Cet achalandage est basé sur le fait que les clients ne sont pas rattachés qu’aux habilités spécifiques du professionnel, mais aussi à la location de la pratique, au personnel en place, au numéro de téléphone, à l’état des locaux et des équipements, à la réputation de la firme, etc. Dans de tels cas, les clients vont continuer à venir à la pratique professionnelle en dépit du changement de propriétaire.

– Enfin, plus que n’importe quel autre type d’entreprise, la nature des clients tend à différencier les valeurs des pratiques professionnelles par rapport à une autre. Dans la plupart des cas, la valeur de la pratique professionnelle résulte des clients existants, du potentiel à les retenir et de la capacité d’en attirer d’autres.

Survol des approches et méthodes d’évaluation les plus courantes

On dit souvent que l’évaluation s’apparente plus à l’art qu’à la science. Ainsi, l’évaluation d’une pratique professionnelle n’est pas une science exacte et il n’existe pas de formules applicables à tous les types de pratiques professionnelles. L’approche à adopter et les méthodes d’évaluation appropriées varient selon chaque situation. L’évaluation est avant tout une question de jugement et de point de vue.

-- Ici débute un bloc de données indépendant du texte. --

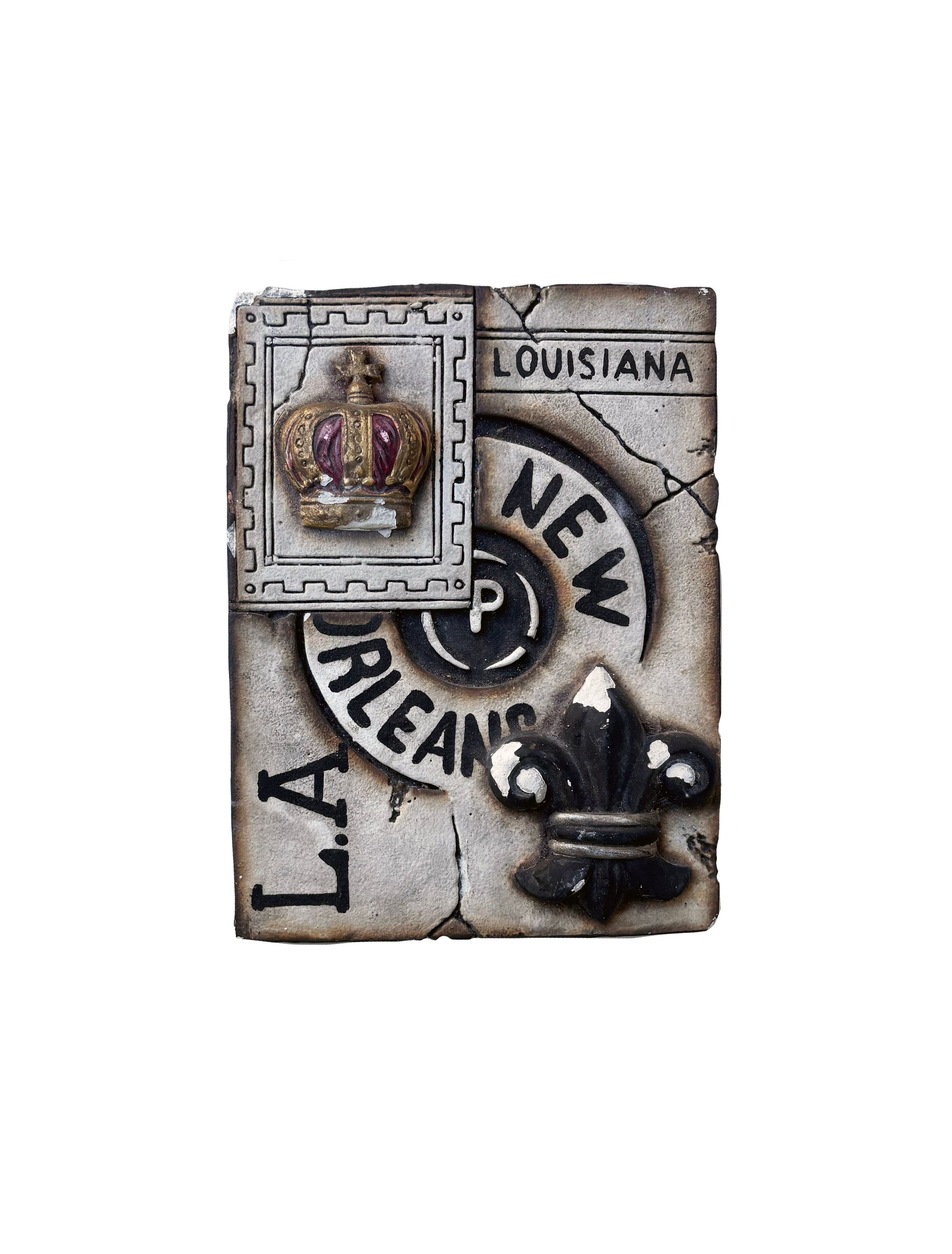 Introducing the Large New Orleans Crown Stamp Plaque! Pay homage to the Big Easy with this quirky plaque featuring a New Orleans stamp-inspired background, topped with a playful crown and iconic fleur de lis. Perfect for adding a touch of the Big Easy to any space.
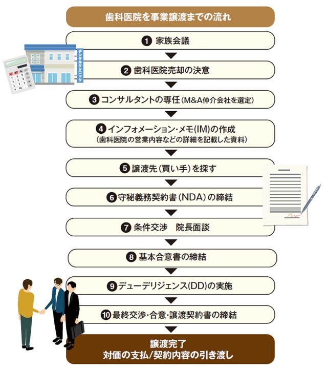 事業譲渡は、買い手が見つかれば必ずしも契約が成立するわけではありません。個人立の歯科医院の売却は手続きも煩雑で、すべて院長先生本人が一人で行うには大変な作業です。
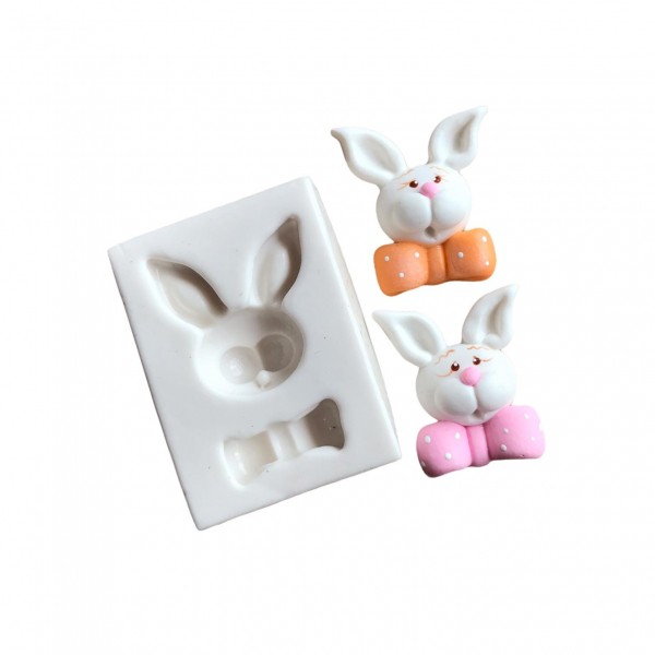 Molde De Silicone Carinha Coelho Com Laço Molde Para Confeitaria Molde Para Biscuit 1295

En général, comme la valeur des pratiques professionnelles se retrouve souvent sous forme d’actifs intangibles (ex : capital humain, liste de clients, etc.) ces éléments, qui font partie de la valeur de la pratique professionnelle, tendent à disparaître sous la prémisse de la valeur de liquidation. Ainsi, l’approche pour évaluer les pratiques professionnelles devrait plutôt se baser sur la continuité d’exploitation (qui inclut, entre autres, la méthode basée sur la capitalisation des bénéfices nets) par opposition à la méthode de la liquidation.

D’autres méthodes d’évaluation sont aussi couramment utilisées. Il s’agit de méthodes basées sur le marché ou de règles de pouce. Ces règles de pouce sont issues de transactions survenues dans l’industrie. Cependant, ces règles de pouce ne fournissent qu’une approximation de la valeur et ne devraient pas être utilisées comme seule méthode d’évaluation puisque souvent la valeur estimée avec ces règles a tendance à être plus élevée qu’elle ne devrait l’être. Par exemple, une règle de pouce commune pour les firmes comptables est que la valeur de la pratique équivaut à environ une année de revenus. Cependant, lorsque nous analysons les transactions plus en profondeur, il n’est pas rare de constater que cette « année de revenus » est payée au vendeur sur une certaine période de temps et est souvent sans intérêt. De plus, le calcul est souvent basé seulement sur les revenus des clients qui ont été retenus suite à la vente. Dans ces cas, la valeur au comptant équivalente est considérablement moindre que la règle de pouce.

Conclusion

Ces quelques notions de base vous permettront de travailler activement avec votre conseiller financier dans les étapes d’incorporation de votre pratique professionnelle. Il faut toujours garder à l’esprit que cette dernière doit être évaluée en tenant compte de ses particularités, en exerçant un jugement professionnel et en s’appuyant sur le gros bon sens.